Being someone who approaches horses from a Natural/psychological perspective, I commonly run into people who struggle with discipline. Often these people came from a standard or uninspiring riding school experience in their past, where both horses and students were yelled at a lot and treated as pretty inconsequential parts of a big money making stable business. If you learned to ride well, great, if not, that’s your problem. Just so long as your lesson bill was paid. Often these horses were those poor broken creatures commonly seen at riding schools. Box, saddle, arena, box. Repeat. Dead behind the eyes and mild constant signs of protest when used. Used, being the operative word. That is the extreme consequence of uncompromising discipline. You squash and break and damage something when you’re unable to compromise and create a dialogue. Sometimes you have to shake someone in order to get them to participate, to be expressive and energised. Or sometimes they are over involved and need calming down. But if you create a disciplined environment where horse and or human must just perform and no discussion about it, you will lose something.
Eventually these horse people might start to realise something is wrong.

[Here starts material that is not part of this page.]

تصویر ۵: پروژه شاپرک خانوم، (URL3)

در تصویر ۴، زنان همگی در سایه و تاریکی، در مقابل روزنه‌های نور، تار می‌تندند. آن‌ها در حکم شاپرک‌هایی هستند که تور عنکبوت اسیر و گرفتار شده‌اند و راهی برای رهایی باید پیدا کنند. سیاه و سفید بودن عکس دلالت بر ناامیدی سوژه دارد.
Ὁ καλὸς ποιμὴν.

Their childlike sense of wonder and love and gentleness had been replaced with the grim machinery of a riding school business. Often, they then make a choice, to get out of horses altogether, or change their approach.

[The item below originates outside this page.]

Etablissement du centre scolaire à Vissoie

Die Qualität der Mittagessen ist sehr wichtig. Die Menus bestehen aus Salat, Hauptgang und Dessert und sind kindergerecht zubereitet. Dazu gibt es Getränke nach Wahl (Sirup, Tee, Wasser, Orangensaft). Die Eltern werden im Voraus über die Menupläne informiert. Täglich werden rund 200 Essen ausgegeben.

Sometimes they turn to Natural Horsemanship. It appears in many forms and we can discuss endlessly the topic in another blog. But, generally by natural approaches we try to care for the horse first and put everything else second. Attempt to understand them from a natural perspective mentally in order to work with them and hopefully improve their quality of life and the quality of our results. It is a lot more complex than that of course, but it is the crux of the issue.
I was working with a client the other week and she told me of the intense guilt she felt for her activities with her horse. She suspected her mare did not like their work together and felt guilty for it and felt she had to pay her mare for her work with carrot treats or similar.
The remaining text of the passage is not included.